Reverse Proxy Configuration
-
Hi,
does the plugin respect a wordpress reverse proxy configuration? We are not able to authenticate with our algolia credentials. On pages without reverse proxy the installation is working properly.
Can you name the endpoints that are requested during activation, like e.g. “auth.algolia.com”?
Thanks and have a nice day,
Jan
-
Hi @jwinterfeld
We’re making use of https://github.com/algolia/algoliasearch-client-php to handle all of the API client requests, specifically the 3.3.x release range https://github.com/algolia/algoliasearch-client-php/tree/3.3.0
Not sure how much you’d be able to get out of that for possible API endpoints. Algolia support themselves may be able to provide some information as well, to help with the reverse proxy details.
Hi Michael,
thank you!
Currently we are experiencing issues while authenticating against algolia using “WP Search with Algolia”. I think this is plugin related. Are you respecting proxy configurations from the wordpress config? (we double checked the credentials)
Perhaps this is the recommendation from Algolia: https://support.algolia.com/hc/en-us/articles/17789246970641-How-do-I-use-Python-API-client-with-proxy
Thanks and have a nice day,
Jan
Until I’m told otherwise, I have to assume so, or at least we’re not intentionally ignoring/disregarding them. Closest I can think of for potentially integrating with reverse proxying would be the code in https://github.com/WebDevStudios/wp-search-with-algolia/tree/main/includes/factories where we’re doing some of the initial wiring up.
Admittedly I’m not that well versed with regards to reverse proxy thing and in response to that, how/where one could potentially change connection attempts within the plugin’s code here.
This is also why I pointed to the package from Algolia where they’re maintaining a lot of code that we make use of externally, but don’t control internally. The question at that point would be how to best pass in custom values that pass through to that library.
-
This reply was modified 1 year, 7 months ago by
Michael Beckwith.
Thanks Michael.
I did some investigation and believe we should extend the
SearchConfig::createmethod (reference: SearchConfig.php#L15) to accept “hosts” and “headers” as parameters. Does that make sense to you?Related Algolia Docs:
– https://www.algolia.com/doc/libraries/php/v3/customize/#use-a-custom-host
– https://www.algolia.com/doc/libraries/php/v3/customize/#add-http-headers-to-every-requestOverall, yes, but we can’t modify that
SearchConfig.phpfile as that’s part of the composer package for the Algolia Search client.That said, I know we have https://github.com/WebDevStudios/wp-search-with-algolia/blob/main/includes/factories/class-algolia-search-client-factory.php#L60-L86 where we’ve previously customized some details for the search config, and I believe we should be fine with adding in more conditionals. Perhaps we should even fill in all the missing items from https://github.com/WebDevStudios/wp-search-with-algolia/blob/main/vendor_prefixed/algolia/algoliasearch-client-php/src/Config/SearchConfig.php#L25-L39
Worth trying out in adding your values in the the
class-algolia-search-client-factory.phparound line 85 just to help confirm that things take like needed. If yes, then we can get an issue opened and a PR in place to fill in the missing config options.@jwinterfeld Did you ever get something working here, based on feedback?

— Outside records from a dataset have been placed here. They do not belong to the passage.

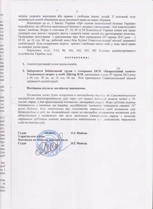 Пикет было решено провести перед зданием севастопольской городской государственной администрации, о чем было подано уведомление в Ленинскую РГА как того требует законодательство, И вот более 80 «ульяновцев» и поддерживающих их севастопольских общественников и депутатов пришли на Ленина 2, где за несколько минут до начала митинга к ним подошли представители исполнительной службы в сопровождении наряда милиции и сообщили, что решением административного суда г. Севастополя принято решение по иску Ленинской районной в городе Севастополе Администрации (председатель Виктор Сальников) о запрете проведения пикета против незаконной застройки.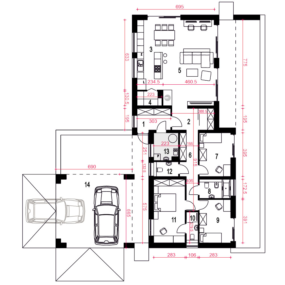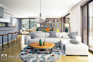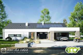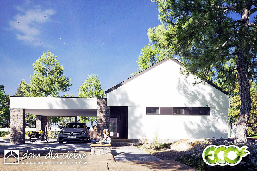 Kalia z wiatą to nowoczesny, modny dom parterowy dla czteroosobowej rodziny. Wykonany z tradycyjnych materiałów budowlanych, z murowanymi ścianami i prefabrykowanymi wiązarami dachowymi. Wnętrze składa się z przestronnego salonu z kominkiem, kuchni, jadalni i przestronnej strefy wspólnej z dużymi oknami wpuszczającymi naturalne światło. Przez korytarz można dostać się do trzech sypialni, z dwiema z nich mającymi wyjście na taras ogrodowy. W strefie prywatnej znajduje się sypialnia z garderobą i łazienką. Elewacja w kolorze białym i ciemnoszarym, z wyróżnionymi wnękami. Kalia to idealny dom dla nowoczesnej rodziny, łączący komfort mieszkalny z atrakcyjną inwestycją finansową. Dojście i dojazd do budynku może realizować się z dwóch stron.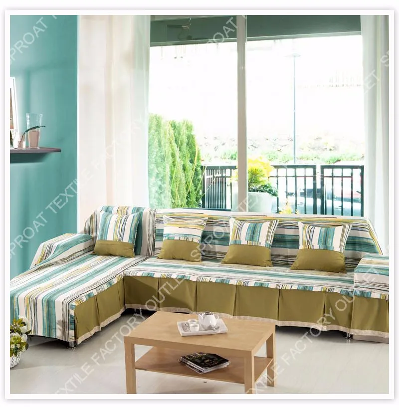 Mediterranean Style Cotton Blue Strips Cushion Slip Resistant Sofa Covers Bed Cover Design Sofa Covers Living Room Sofa Set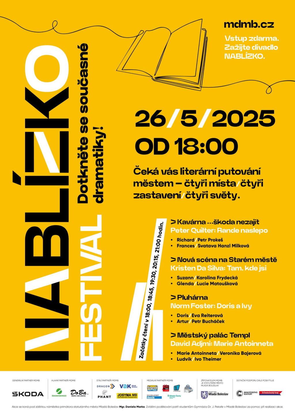 V pondělí 26. května se koná první – pilotní ročník nového festivalu NABLÍZKO, který je kombinací dvou oblíbených kulturně komunitních akcí pořádaných Městským divadlem Mladá Boleslav: Noci literatury a festivalu Nadosah.
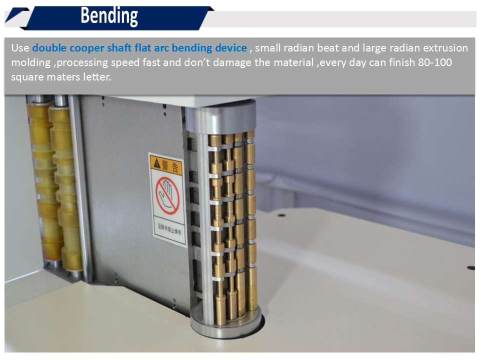 6.采用雙排銅軸設(shè)計(jì),純平式彎弧器,小弧度拍、大弧度擠壓成型,做字速度快,而且不傷料,每天可做80-100平方字。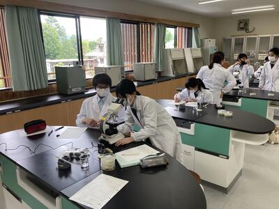 南稜高校には総合選択の授業があり、全ての学科が他学科の授業や学校設定教科・科目を受けることができます。生活経営科の生徒が総合農業科の林業の勉強をしています。幅広く学ぶことができるのですね!!!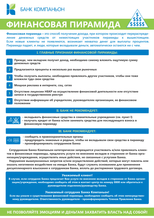 Этият болуңуздар, финансылык пирамидаларга катышпаңыздар! «Компаньон Банкы» ЖАК ушундай уюмдарга тиешелүү эмес, финансылык пирамидаларга жана башка шектүү операцияларга салынган акча каражаттары үчүн жоопкерчилик тартпайт.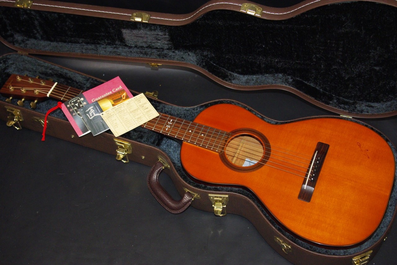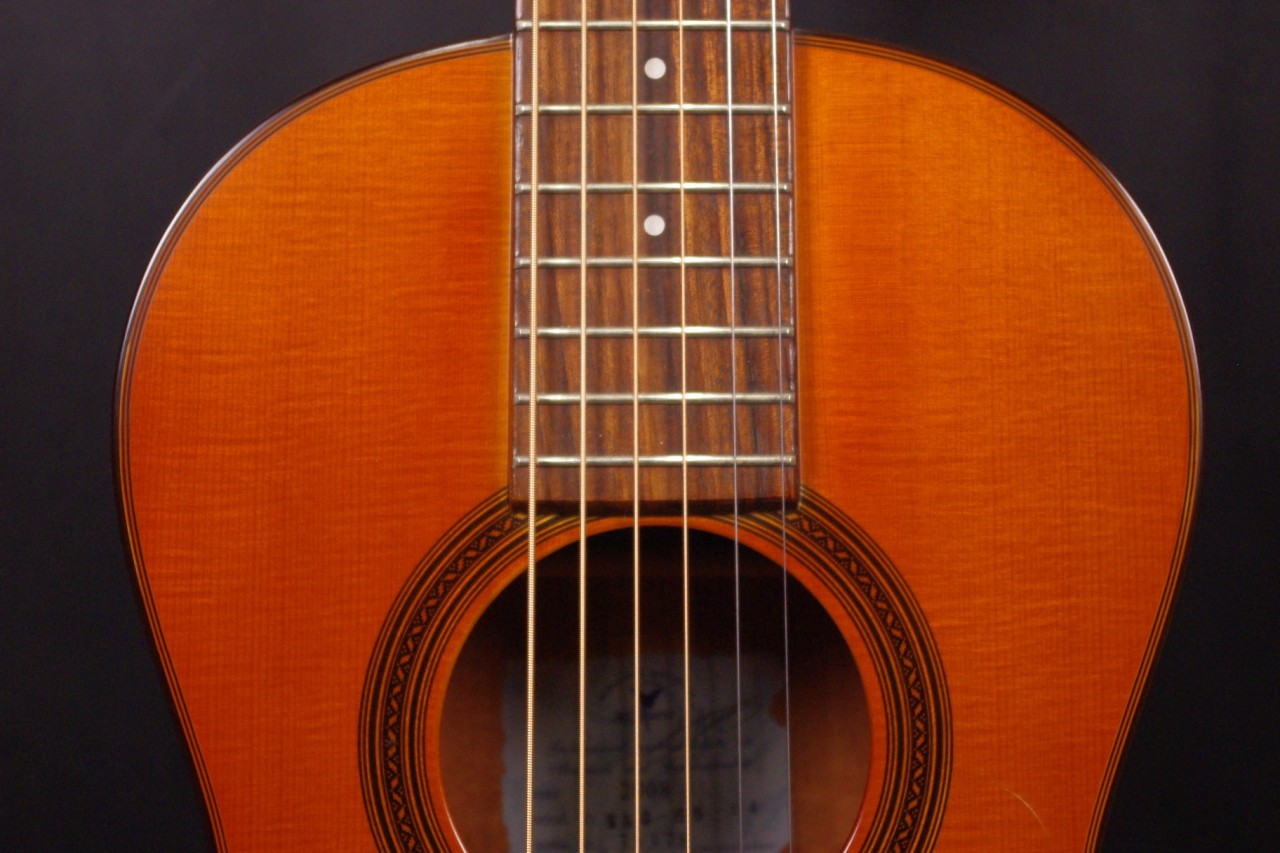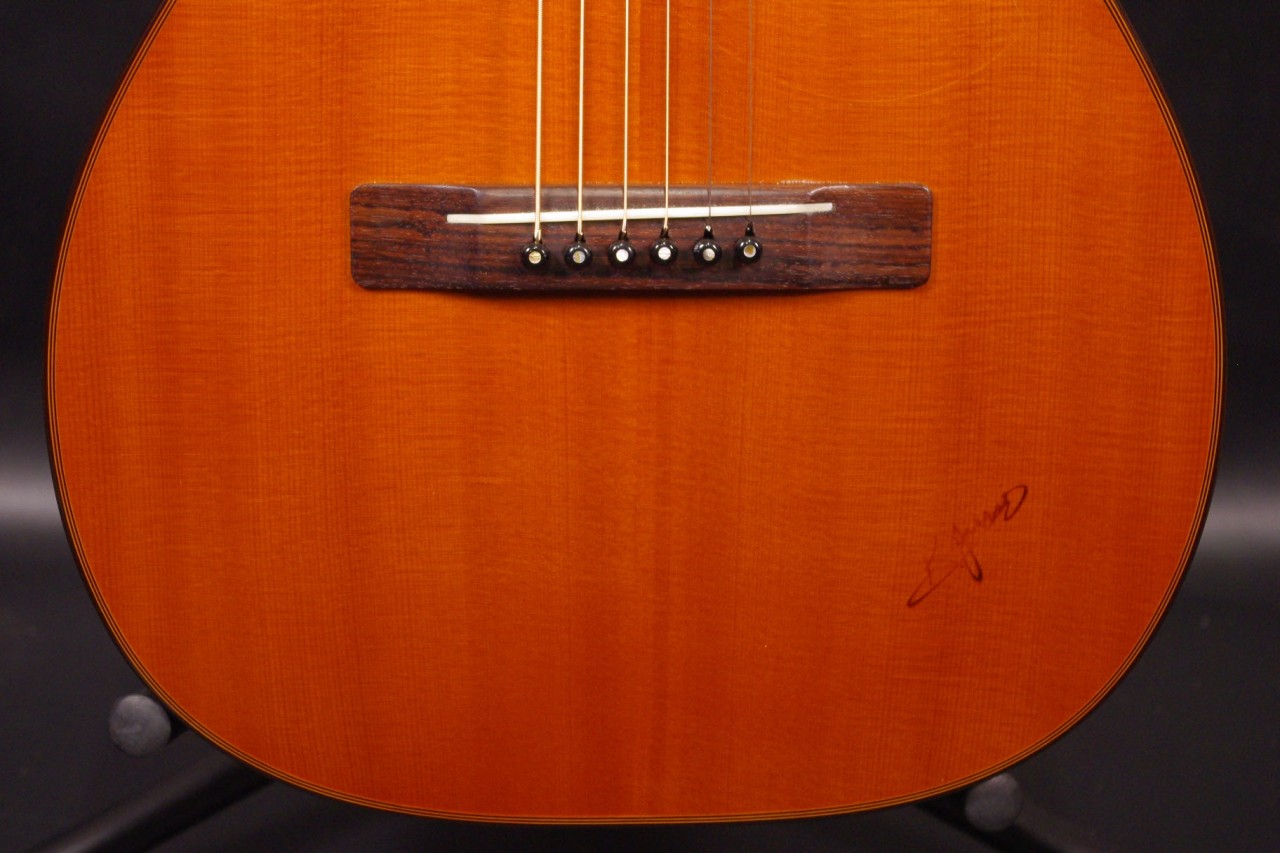 2009年製のK.YAIRI RAG-65-14が入荷しました!!トップはスプルース単板、サイドバックにはマホガニーの合板を採用、コンパクトなボディ形状で手軽にお楽しみいただけるモデルです!14フレットジョイントが特徴で弦長も650mm近くありますのでしっかりと音も抜けてくれます!生産から15年以上経過していますが使用感も少なく綺麗で演奏性も充実しています。ペグ、ブリッジもオリジナルでネックヒールへのストラップピンやピックアップなど特別な加工もございません。ナット幅は約42mmのやや薄めのグリップで一般的なアコースティックギターと変わらないサイズ感です。ネックのアングルも理想的でトラスロッドの動作も問題なく機能しています。フレットは少々の減りは出ていますが長期で安心です。弦高は12フレット6弦側で約2.1mm、1弦側で約1.2mmの高さで押さえやすく調整しています。お好みに合わせた微調整にもお応え致します。明かるく軽快なサウンドで指で弾いても粒立ちが良くすっくりと前に抜けてくれます!くつろぎながら弾きらくなる1本でしょう!是非この機会にどうぞ!オリジナルハードケース付。

@tw2113 thanks. We are still working on it. Currently we were able isolate the issue and reproduce it. Hopefully we will be able to provide further information within 2 weeks.
Sounds good. Thanks for the update.
@tw2113 we resolved the issue without code modification. After investigating the code we found the filter
algolia_http_client_optionsin this file: https://github.com/WebDevStudios/wp-search-with-algolia/blob/main/includes/factories/class-algolia-http-client-interface-factory.phpWe resolved it by declaring a function in the theme functions.php file:
if (! function_exists('dur_algolia_http_client_options')) :
function dur_algolia_http_client_options($options)
{
$options['CURLOPT_PROXY'] = WP_PROXY_HOST . ':' . WP_PROXY_PORT;
return $options;
}
add_filter('algolia_http_client_options', 'dur_algolia_http_client_options', 10, 1);
endif;My recommendation is to update the docs and explain the filter instead of modifying the plugin. What do you think?
Added https://github.com/WebDevStudios/wp-search-with-algolia/wiki/Proxy quick, at least based on your code above.
May still handle my filters idea from https://ww.wp.xz.cn/support/topic/reverse-proxy-configuration/#post-18149029 but that’s not needed today by any means.
Thanks for the followup @jwinterfeld
-
This reply was modified 1 year, 7 months ago by
The topic ‘Reverse Proxy Configuration’ is closed to new replies.